What are CSPs
- Content Security Policy (CSP) is an added layer of security that helps to detect and mitigate certain types of attacks, including Cross Site Scripting (XSS) and data injection attacks. These attacks are used for everything from data theft to site defacement to distribution of malware.
- To enable CSP, you need to configure your web server to return the Content-Security-Policy HTTP header. (Sometimes you may see mentions of the X-Content-Security-Policy header, but that's an older version and you don't need to specify it anymore.)
- Alternatively, the <meta> element can be used to configure a policy, for example: <meta http-equiv="Content-Security-Policy" content="default-src 'self'; img-src https://*; child-src 'none';">
- Rails provides a DSL that allows you to configure a Content Security Policy for your application. You can configure a global default policy and then override it on a per-resource basis and even use lambdas to inject per-request values into the header such as account subdomains in a multi-tenant application. We'll now take an example global policy.

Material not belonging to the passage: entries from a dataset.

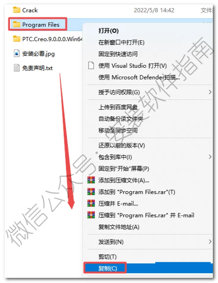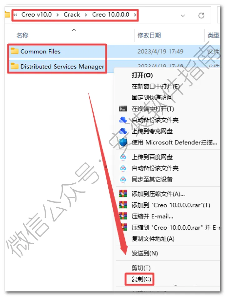 21.返回之前解压出来的”文件夹,依次打开“Crack——Creo 10.0.0.0”文件夹,选中该文件夹下的全部文件,鼠标右键选择“复制”
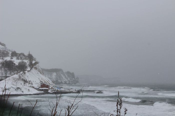 Before settling into the hotel for the day we wanted to drive to the Yotei-san, a mountain with a supposedly spectacular view. Supposedly, because on our way there we were caught in a snow storm and decided to turn back. I hadn’t seen such a fierce snow storm before and it was difficult to even see the streets. A few minutes after we turned back we heard over the radio, that every street around the Yotei-san was close because of a blizzard. But I did not regret driving out there, because the view of the rough sea on one side and snow-covered cliffs and mountains on the other was breathtakingly beautiful.
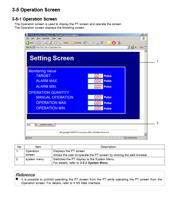 Reload Interval Operation Screen Automatic Refresh Interval (seconds) 3
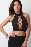Mock Neck Crisscross Lace-Up Front Halter Top
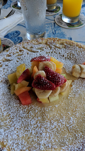 I had the Aruba pancake (15.50 US). It had a shot glass of poncha cream (basically egg nog with rum in a 1:2 ratio) with a large serving of full fat whipped cream. Suspecting this alone would not be enough, I also ordered a side of fruit (6.50 US). I also had a glass of freshly squeezed orange juice (5.50 US) as well: it was what advertised.
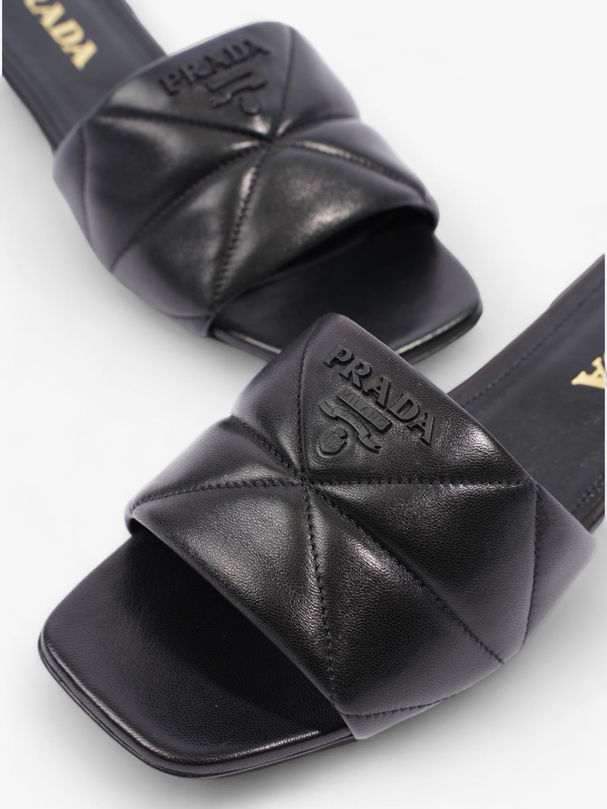 Prada Logo Sandali Quilted Black Nappa Leather EU 38 UK 5
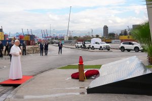 Pope Leo XIV prays at a memorial marking the site of a deadly explosion in 2020 at the port in Beirut, Lebanon, Dec. 2, 2025. (CNS photo/Lola Gomez)
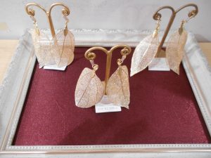 こちらのピアスは実際の葉をメッキ加工して作られているので
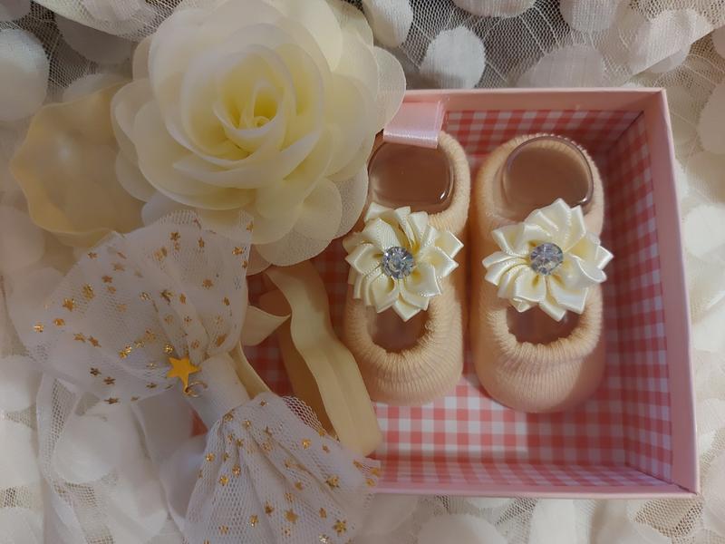 Шикарный набор для новорожденной девочки в подарочной упаковке! Прекрасно подходит для выписки из роддома или на подарок. Родители ребенка будут счастливы получить такой красивый набор. Также этот набор подойдет для первых фотографий, малышка будет смотреться просто изумительно, как маленькая принцесса. В набор входит 3 предмета: пинетки из хлопка и 2 повязки на голову. Все изделия декорированы кружевом и батником Размер стельки: 9 см
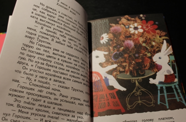 "Чужак на дворе" - у меня еще в старом переводе старого издания от издательства Кладезь (не слышали о таком? я тоже впервые). Сначала мы посмотрели мультик, и смеялись так, что стены тряслись. После мультика пошла, достала книгу и села читать. Больше всего я ценю, когда Яна мне пересказывает. Во-первых, это ужасно полезно. Критерий готовности к школе, развитие речи и прочие вкусняшки. А во-вторых, это ужасно интересно, слушать ,видеть, что именно твой ребенок выделил из книги, какие моменты ему показались самыми смешными (записка Финдуса), ну и в-третьих, это очень сильное психологическое оружие точечного поражения: когда мой муж видит, как Яна взахлеб пересказывает любимые книги, он всегда бурчит, что, мол, может, и не зря целое состояние потратили на книжки.
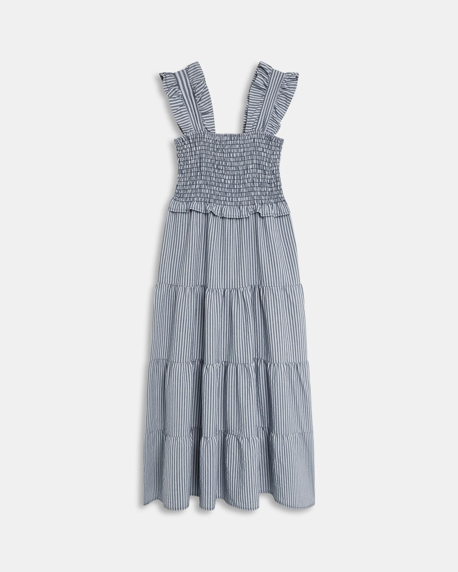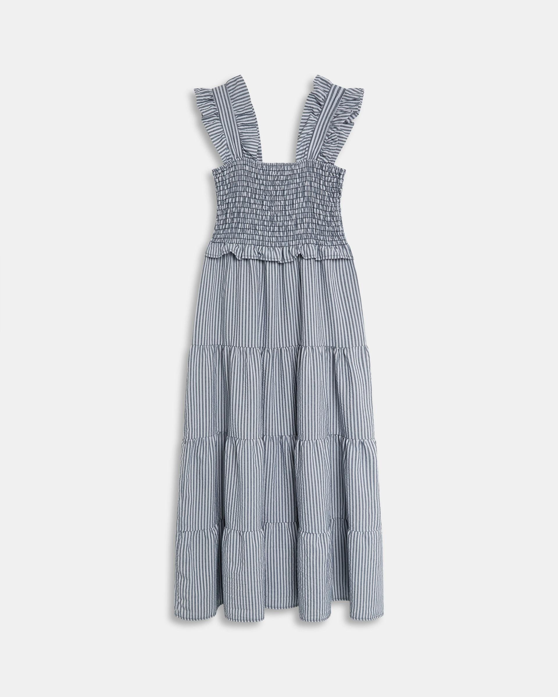 Vestido largo de rayas en color azul, nido de abeja y detalle de volantes en tirantes y falda.
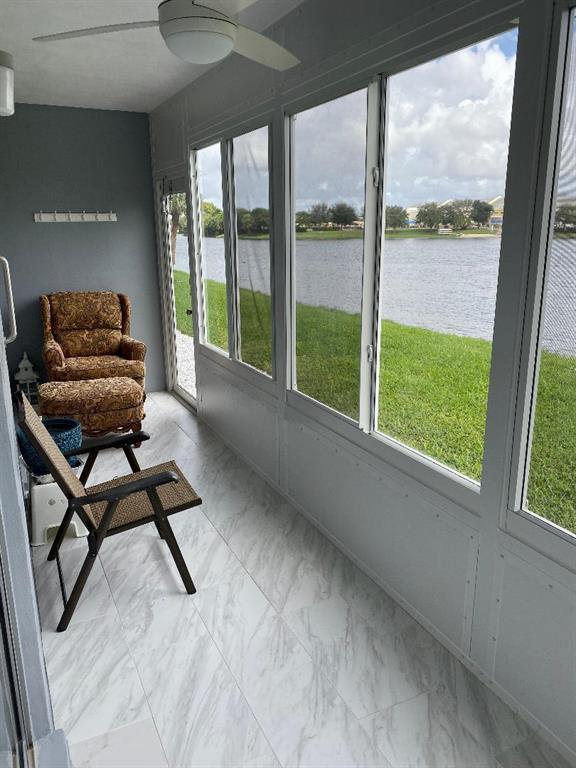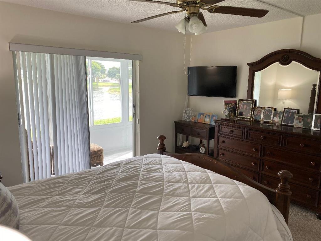 Spectacular and very desirable Ground Floor condo with fabulous water views. This oversized two bedroom, TWO FULL NEW BATHS, lake side beauty has it ALL. Brand NEW HURRICANE IMPACT WINDOWS, New window blinds, Brand NEW Patio with New Sliding Windows, new carpets, updated furniture, some new appliances. Walk to pool, and across from the Bus stop is very convenient. 55+ Community/HOA approval required . No renting and no pets. Must meet CV financial guidelines. PROOF of funds and earnings to be verified.
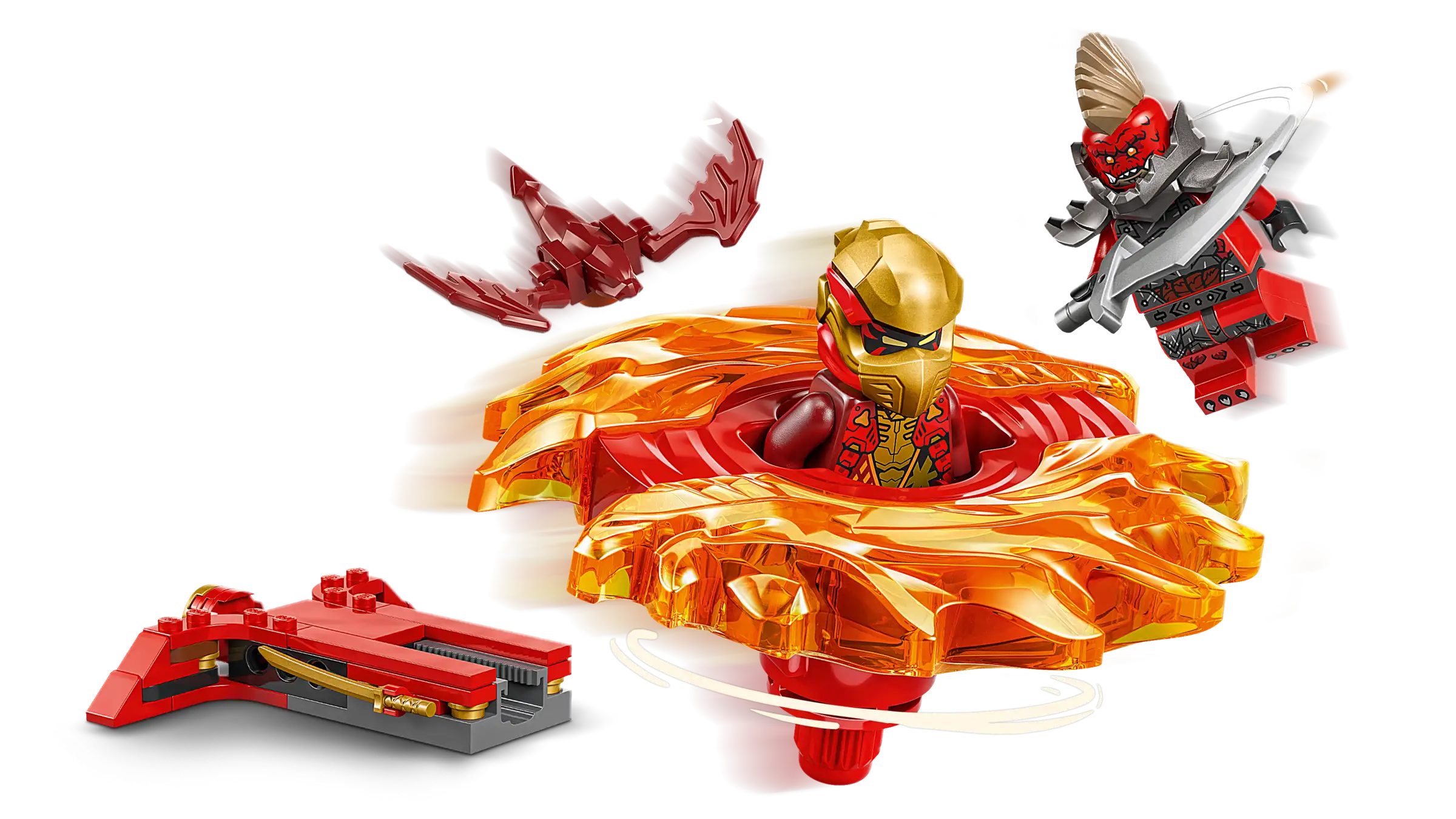 • Fast-paced spinner toy – Push the launcher’s button to unleash Kai’s Dragon Spinjitzu Spinner toy into a rapid spin and watch as 2 power elements possibly fly off when it hits its target
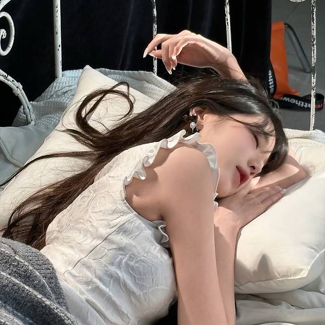 침대 위에서의 장원영의
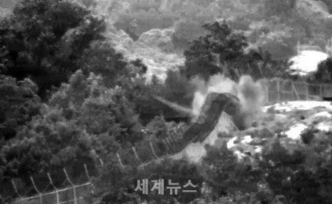 | ▲ 국방부, 비무장지대 지뢰폭발 사고 당시 열상감시장비(TOD)로 촬영된 지뢰 폭발장면. © 세계뉴스 |
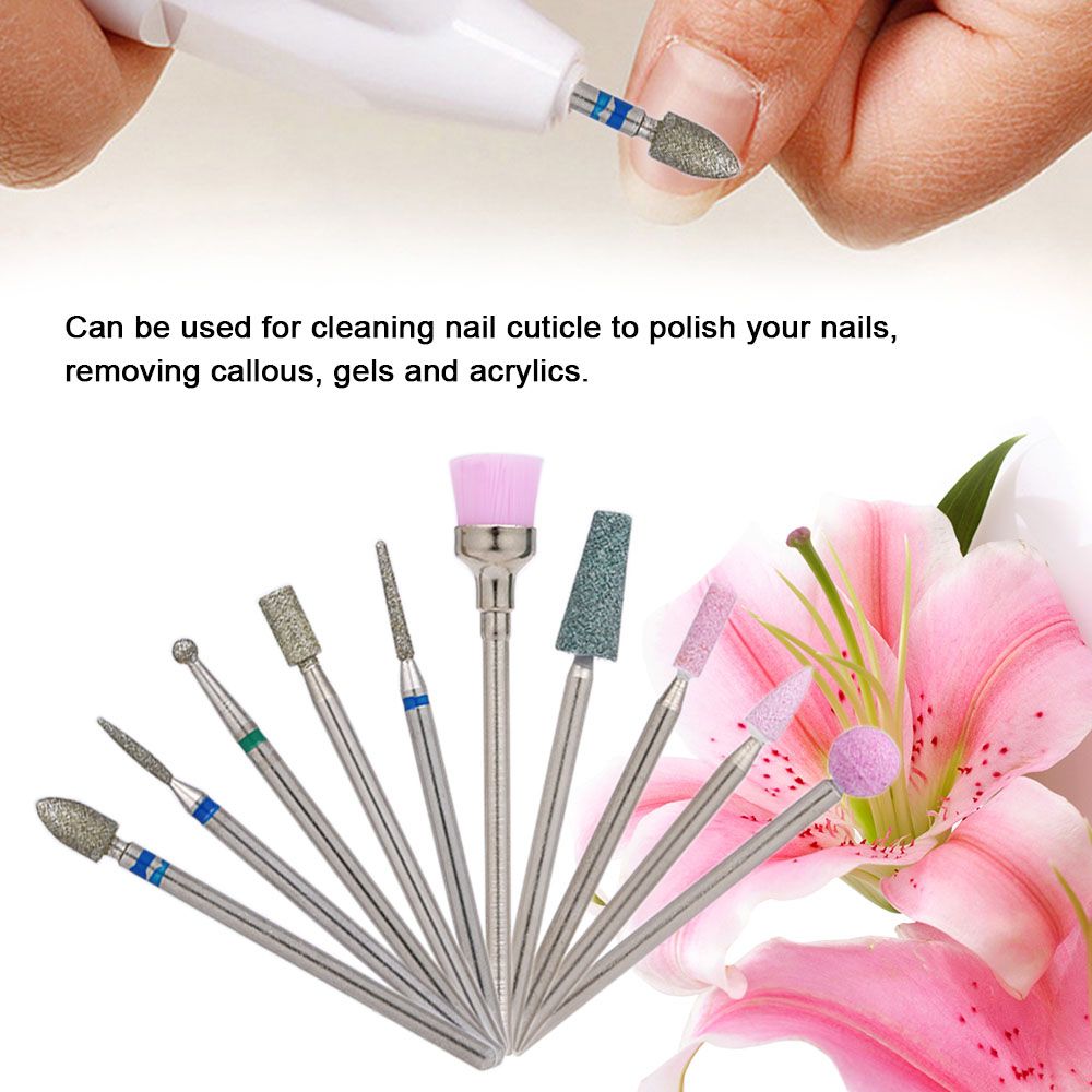 Contains stone cuticle bits, nail drill brush, various shapes and sizes in 2.35mm meet your needs.
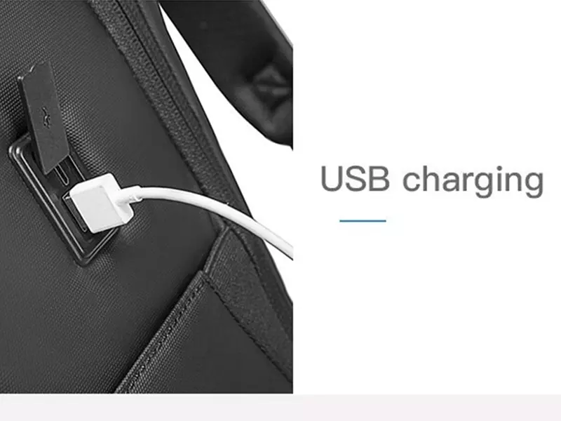 در طراحی کوله ضد سرقت بنج BG-7276 یک درگاه USB 3.0 خارجی در کنار آن وجود دارد که قابلیت شارژ سریع را داراست. به سادگی آن را به یک پاوربانک در کنار کیف وصل کنید و دستگاه تلفن همراه خود را شارژ کنید (توجه داشته باشید که پاوربانک جزو محصول نیست.) BANGE برای آسیب ندیدن این درگاه شارژ و حفظ آن از گرد و غبار برایش یک درپوش طراحی کرده است.
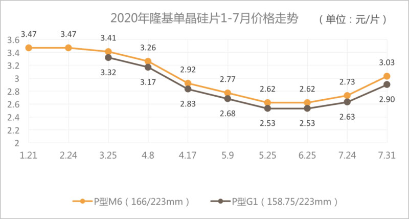 上述企業(yè)認為,上周硅片價格調整至2.9元/片,實際漲價0.6元/片,并且該硅片價格已經執(zhí)行,而2.9元的硅片價格對應硅料價格約為100元/kg,“考慮需求穩(wěn)定發(fā)展、順應供需關系,最終硅料也根據(jù)硅片漲幅進行了跟進,最新報價提升至98元/g”。就在上周,單晶硅片龍頭隆基股份宣布再次再次調漲硅片價格,其中G1報價2.9元/片,M6為3.03元/片。
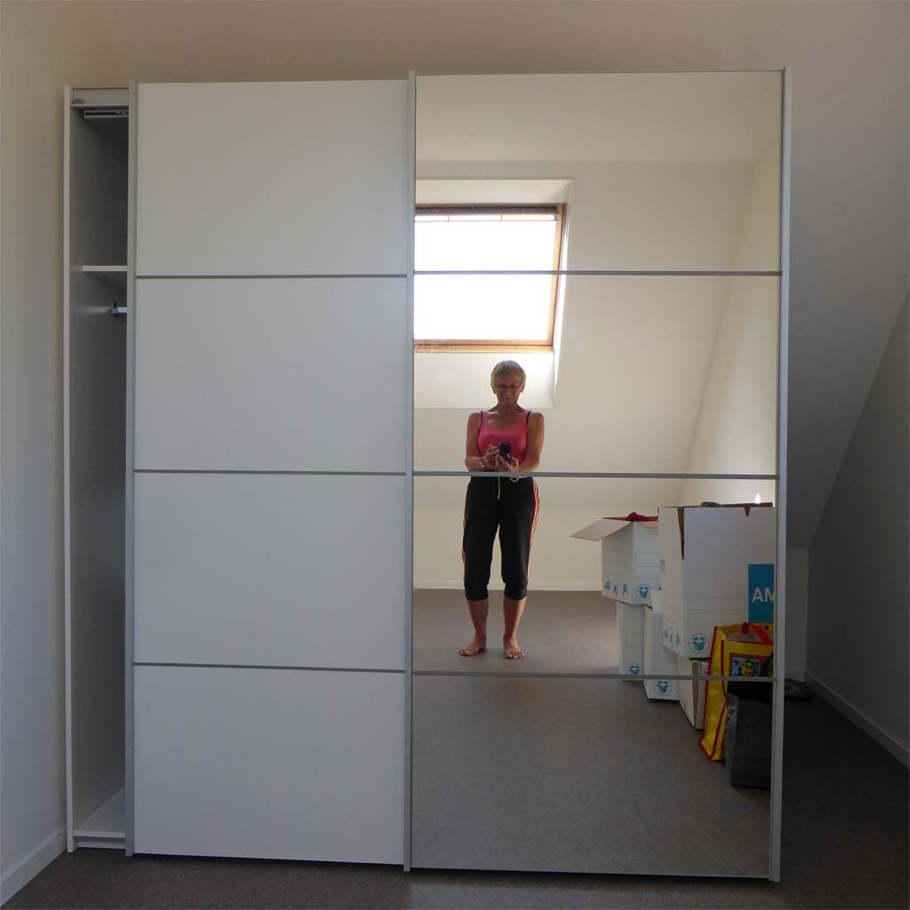 In ons eerste Scharendijkse huis ook zoiets, maar die vermaakten we en hadden we schuifdeuren met bruin bloemetjes behang. in plaats van de originele die bij de Deense woningen hoorden, En hier hebben we ook een kast die bij het huis hoort, een inloopkast, die kan ook niet mee.
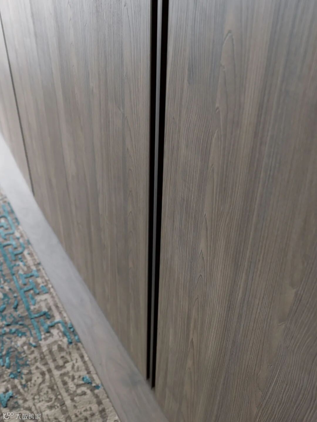 Tecno衣柜门板采用了特殊的3D打印技术,可以打造木纹、金属烤漆等效果,大到宏观光泽,小到凹凸纹理,每一处细节都处理得恰到好处,简洁有序的线条沉淀了空间的温度,成为MisuraEmme永恒优雅的产品典范。
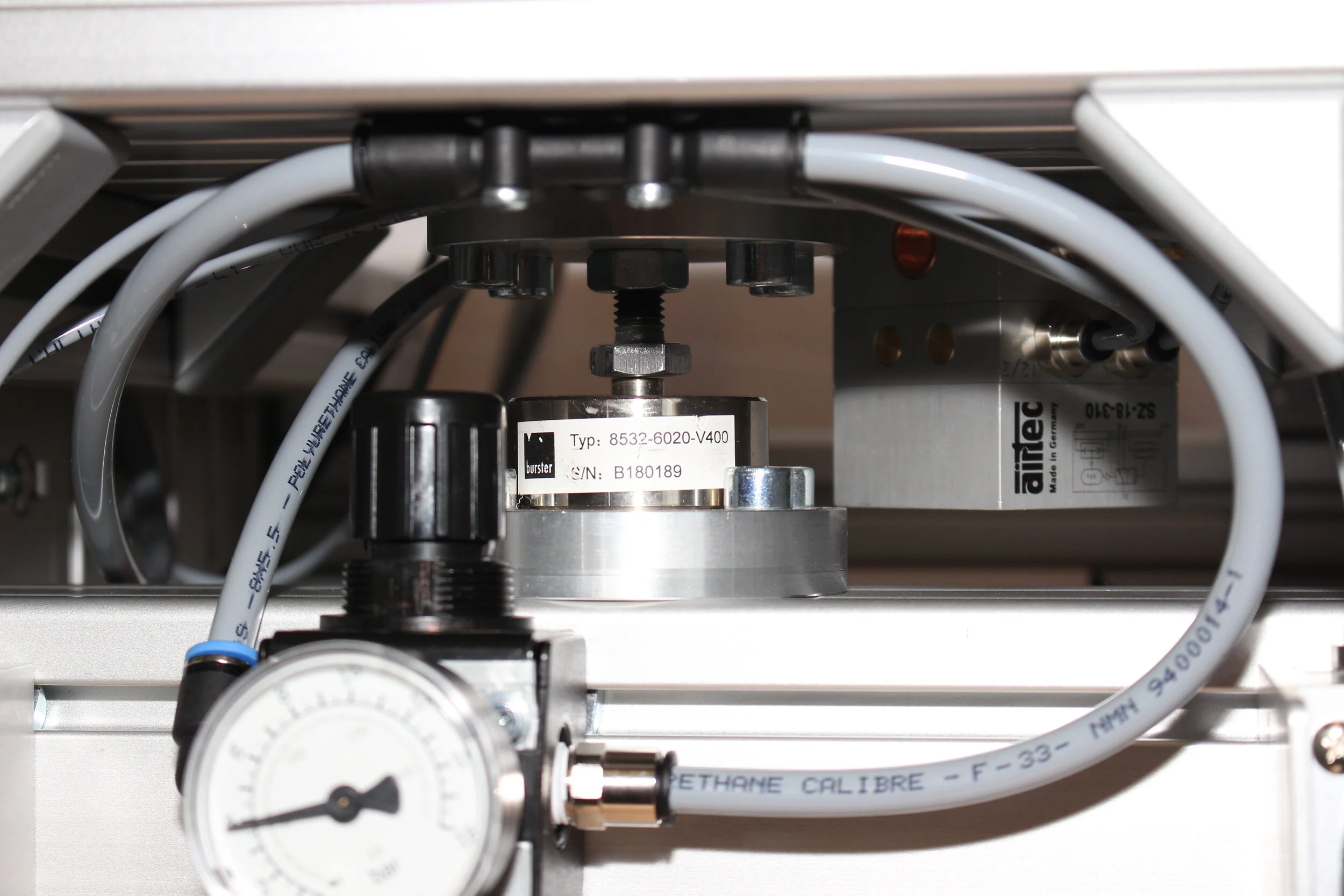 At the end of the linear conveyor there is a separator (picture on the right), which is mounted to match the discharge height of the linear conveyor. From the separator the blind rivet nuts are blown down through a hose into the transfer station.

# config/initializers/content_security_policy.rb
Rails.application.config.content_security_policy do |policy|
policy.default_src :self, :https
policy.font_src :self, :https, :data
policy.img_src :self, :https, :data
policy.object_src :none
policy.script_src :self, :https
policy.style_src :self, :https
# Specify URI for violation reports
policy.report_uri "/csp-violation-report-endpoint"
end
Here, we see the different examples. I'll explain what they are in the next example. We will see the various possible values of CSP and their examples plus what they do.
1. Content-Security-Policy: default-src 'self'
2. Content-Security-Policy: default-src 'self' trusted.com *.trusted.com
3. Content-Security-Policy: default-src 'self'; img-src *; media-src media1.com media2.com; script-src userscripts.example.com
4. Content-Security-Policy: default-src <https://onlinebanking.jumbobank.com>
5. Content-Security-Policy: default-src 'self' *.mailsite.com; img-src *
- A web site administrator wants all content to come from the site's own origin (this excludes subdomains.)
- A web site administrator wants to allow content from a trusted domain and all its subdomains (it doesn't have to be the same domain that the CSP is set on.)
- A web site administrator wants to allow users of a web application to include images from any origin in their own content, but to restrict audio or video media to trusted providers, and all scripts only to a specific server that hosts trusted code. Here, by default, content is only permitted from the document's origin, with the following exceptions:
- A web site administrator for an online banking site wants to ensure that all its content is loaded using TLS, in order to prevent attackers from eavesdropping on requests. The server permits access only to documents being loaded specifically over HTTPS through the single origin onlinebanking.jumbobank.com.
- A web site administrator of a web mail site wants to allow HTML in email, as well as images loaded from anywhere, but not JavaScript or other potentially dangerous content. Note that this example doesn't specify a script-src; with the example CSP, this site uses the setting specified by the default-src directive, which means that scripts can be loaded only from the originating server.